One workaround would be to have Lazy store the values instead of setting
the attribute on the instance -- something like:
py> class Lazy(object):
... def __init__(self, calculate_function):
... self._calculate = calculate_function
... self._values = {}
... def __get__(self, obj, _=None):
... if obj is None:
... return self
... obj_id = id(obj)
... if obj_id not in self._values:
... self._values[obj_id] = self._calculate(obj)

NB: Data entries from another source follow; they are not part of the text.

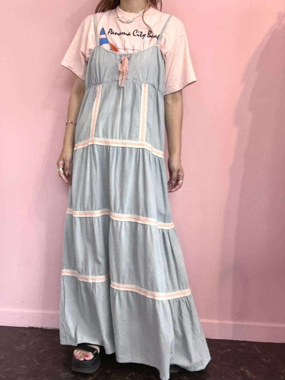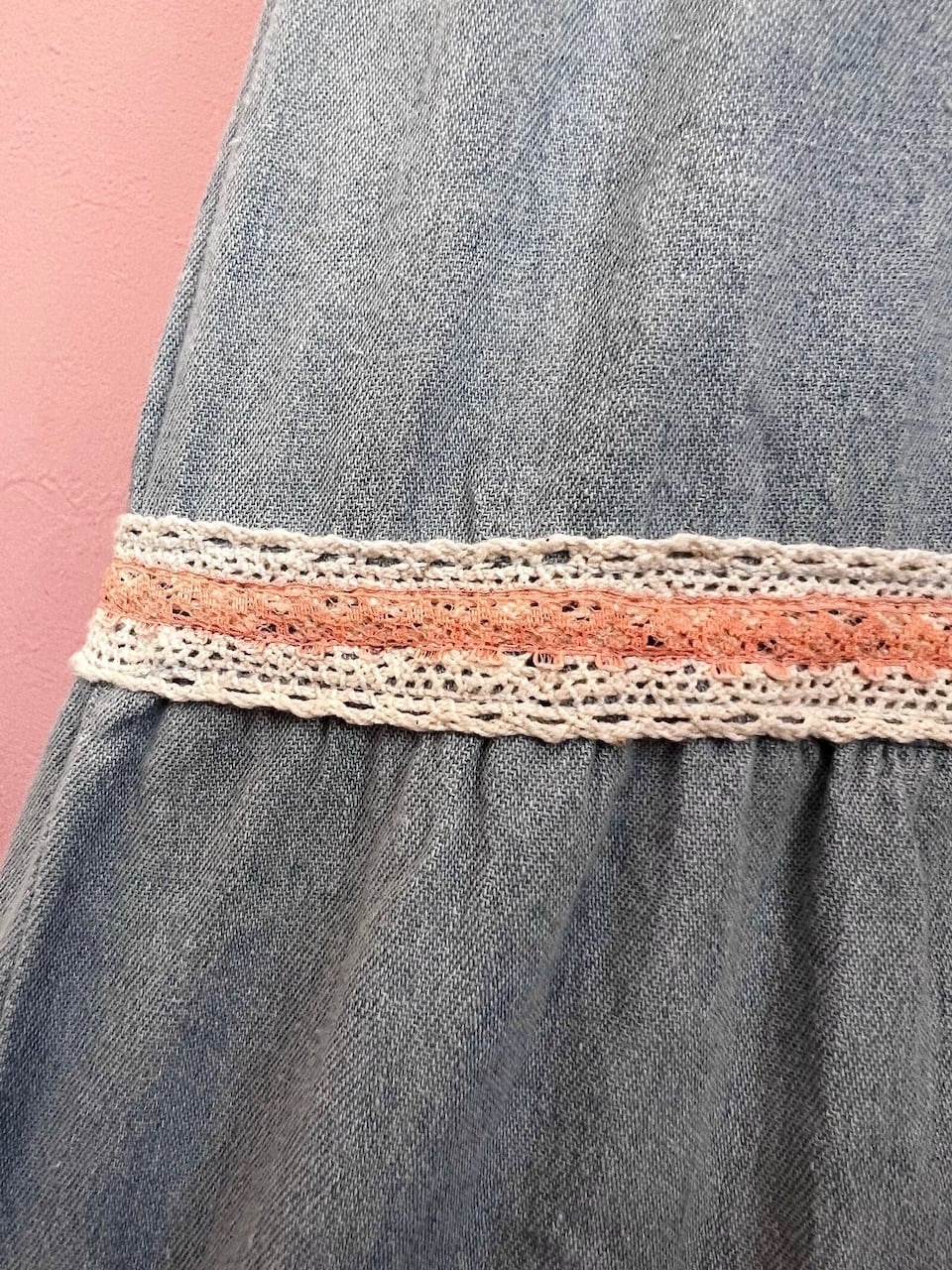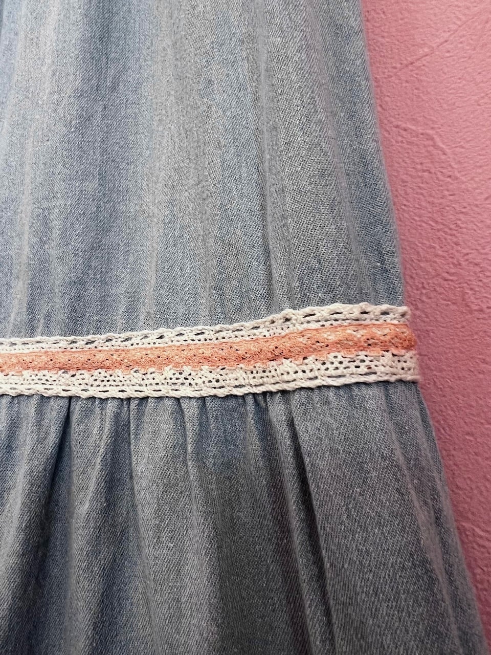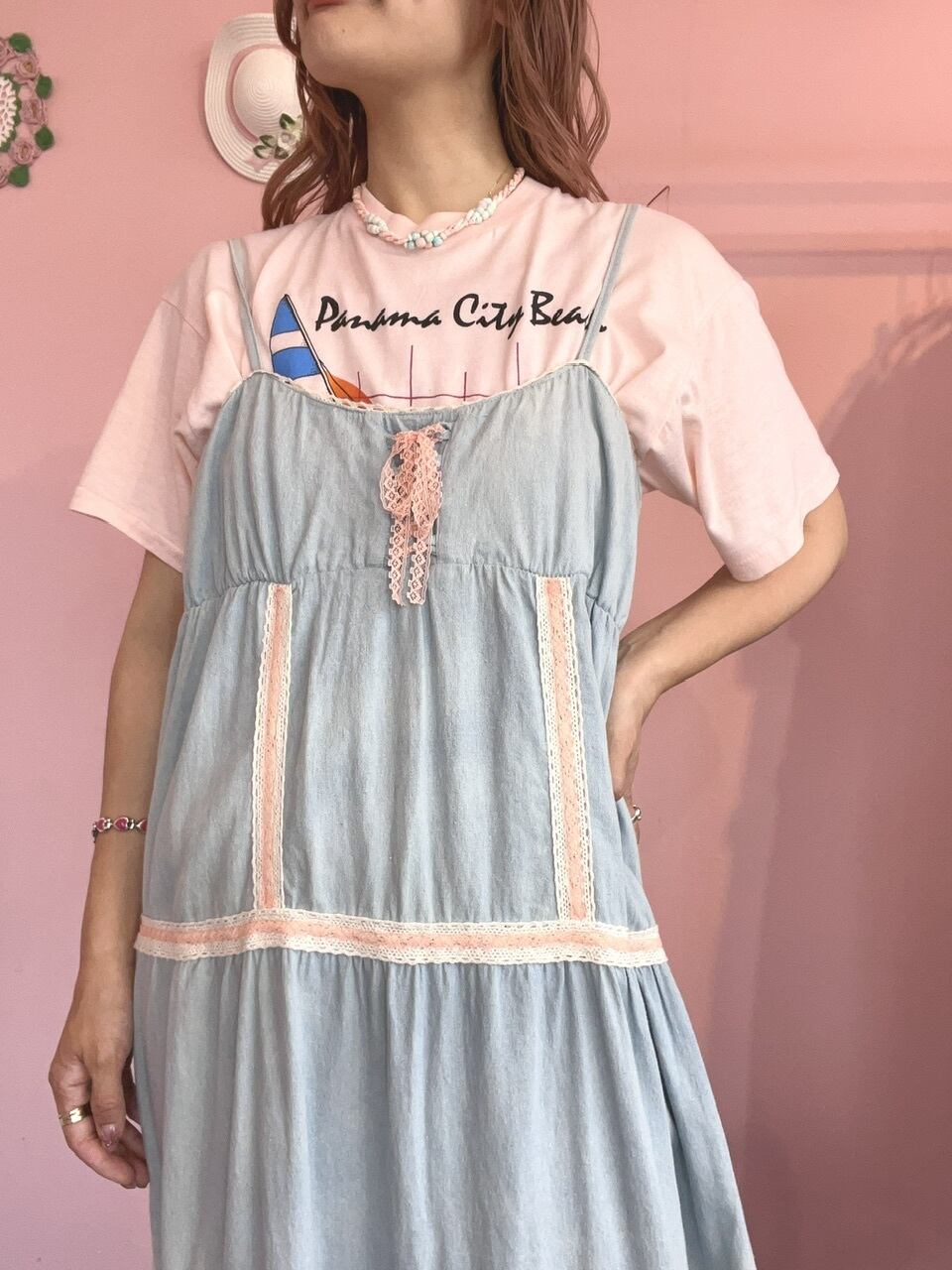 レースのテープリボンがデザインされているデニムワンピースに、ヴィンテージピンクレースを重ねました♡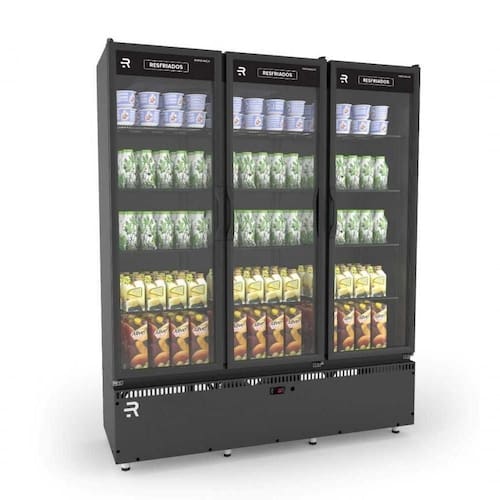 Auto Serviço Vanguard Resfriados 958l 3 Portas Asvr3p 220v - Refrimate DESCRIÇÃO DO PRODUTO: - Aplicação: Frios e Laticínios ou Frutas e Verduras (caixas avulsas); - Sistema de refrigeração: Ar forçado; - Temperatura de trabalho: 0C a 7C; - Controlador digital de temperatura; - (Iluminação LED na colunas); - Gabinete em aço galvanizado pintado interno preto e externo preto; - Prateleiras: Grades aramadas pintadas com regulagem de altura; - Portas em vidro temperado; - Pés termoplásticos com regulagem de altura; - Cor: (Preto externo/Preto interno);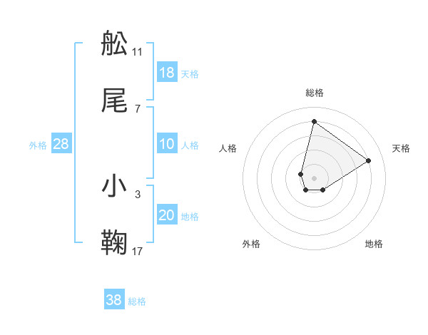舩尾 小鞠さんの総格は38画の4点!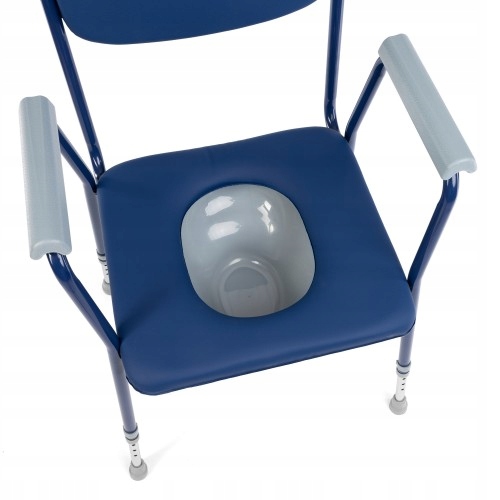 Кресло-унитаз с обивкой BLUE-TIM – это вспомогательное устройство, помогающее пользователю выполнять гигиенические мероприятия. Рекомендуется людям, имеющим проблемы с самостоятельным передвижением, с нарушениями функций и ограничениями подвижности, а также людям, потерявшим способность самостоятельно сидеть и вставать. Кресло выполняет функцию туалета благодаря санитарному контейнеру под сиденьем. Он облегчает физиологические действия пользователя и уход за ним.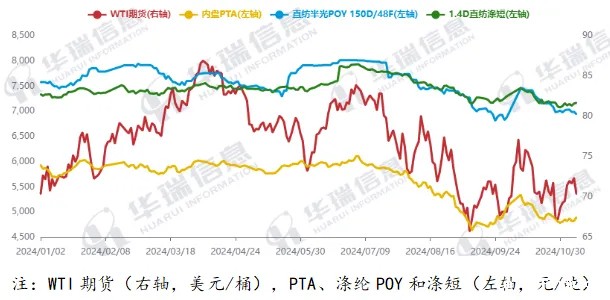 图3 2024年以来国际油价、PTA、涤纶POY、涤纶短纤价格走势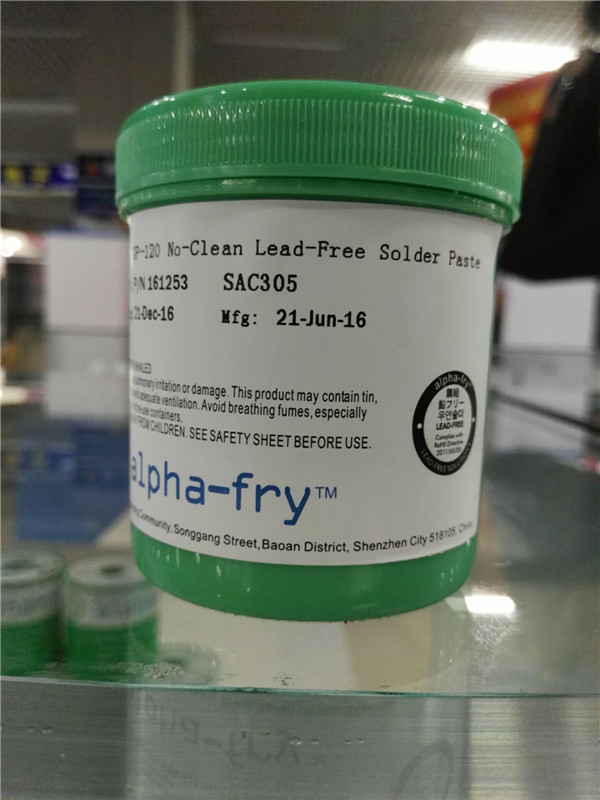 产品型号:EGP-130 SAC305/EGP-120 SAC305产品规格:SAC305(96.5%Sn/3.0%Ag/0.5%Cu)和 SAC0307(99%Sn/0.3%Ag/0.7%Cu产品说明:Alpha-Fry EGP-130 焊膏的助焊剂系统是针对精密间距无铅应用而特别配方的免清洗 REL0 类产品,在连续表面贴装印刷时可保证稳定的粘性和触变性。产品配方包括 SAC305(96.5%Sn/3.0%Ag/0.5%Cu)和 SAC0307(99%Sn/0.3%Ag/0.7%Cu)等合金配方。该产品还具有优异的耐高温预热性、抗超精密间距焊盘溶解以及降低焊球缺陷等属性应用:印刷 - 刮刀压力:0.15 - 0.25 kg/cm- 挤压速度 : 10-50 mm/s- 焊膏滚动直径:1.5-2.0 cm- 分离速度:1–20 mm/s- 刮刀提升高度:10-15 mm* 网 板厚度: 0.10mm - 0.15 mm (4 - 6 mil )距 ,间距 0.4 - 0.5 mm (0.016" - 0.020"

... return self._values[obj_id]
...
py>
py> class SomeClass(object):
... __slots__ = []
... @Lazy
... def someprop(self):
... print 'Actually calculating value'
... return 13
...
py> o = SomeClass()
py> o.someprop
Actually calculating value
13
py> o.someprop
13
Basically Lazy just stores a mapping from object ids to calculated
values. Not as pretty as the original solution, but if you have to have
__slots__ defined[1], I guess this might work.
Note that I don't need to declare any slots since the someprop
descriptor is a class-level attribute, not an instance-level one...
Steve
[1] Are you sure you have to use __slots__? Unless you're creating a
very large number of these objects, you probably won't notice the
difference in memory consumption...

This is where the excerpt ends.